When Mikey needs a fluffer on set, he enlists Sean, and yet Johnny Rebel never becomes more real. He remains an idea of Johnny Rebel, one paradoxically created by Sean and yet shared by other viewers. He’s Janus; friend and enemy, a man with two faces. The film opens with an excerpt from Ovid’s Metamorphoses: “…both boys and girls looked to him to make love, and yet that handsome figure of proud Narcissus had little feeling for either boys or girls.”

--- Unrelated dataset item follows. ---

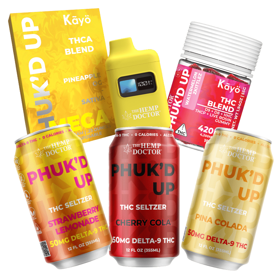 Quench your thirst with The Hemp Doctor’s Phuk’d Up Seltzer – a refreshing seltzer infused with 50mg Delta 9 THC. With refreshing flavors like Strawberry Lemonade and Pina Colada, it’s the perfect tropical companion for any occasion. And stay tuned for the exciting addition of Cherry Cola flavor! A smooth soda feel with the knockout punch of a potent Phuk’d Up product!
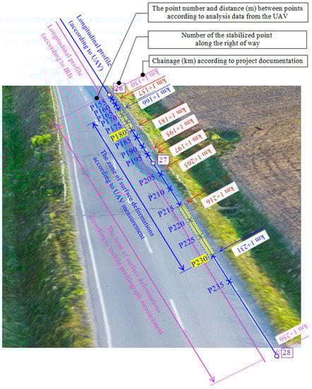 Classic geometric leveling was performed with the use of an optical leveler with an accuracy of +/− 1–2 mm. At the same time, a measurement was performed with the use of the GNSS (global navigation satellite system) technique with the use of the RTK (real-time kinematic) method. The real state of the road surface was recreated using low-ceiling photogrammetry with the use of an unmanned aerial vehicle (drone). Detailed data of the raid are presented in the next chapter of this article.

Sun-soaked LA never looks real, not even to Sean, who views most of it either on the tiny TV screen in his room or through the viewfinder of the BetaCam. Even in the studio, and in Sean’s fantasies, there’s plasticine sheen over everything. But the illusion is still erotic, maybe more real than it could be if it were “real,” a spell to be under. It wouldn’t be any fun if Johnny Rebel were real either, isn’t part of his power that we want to submit to nothingness, and, therefore, to become nothing? Sex and death, when Eros met Thanatos, even then it was a transactional relationship. No one knows how to talk about the desire for domination in The Fluffer or Knife + Heart, not perfectly, at least. It’s always an approximation. Unable to shake his obsession with Johnny Rebel, with desire, with the idea of love and sex, with the illusion of cinema, with allure of obsession itself, Sean says, “In my mind, I’ll always be on my knees in front of him.” Honestly, aren’t we all?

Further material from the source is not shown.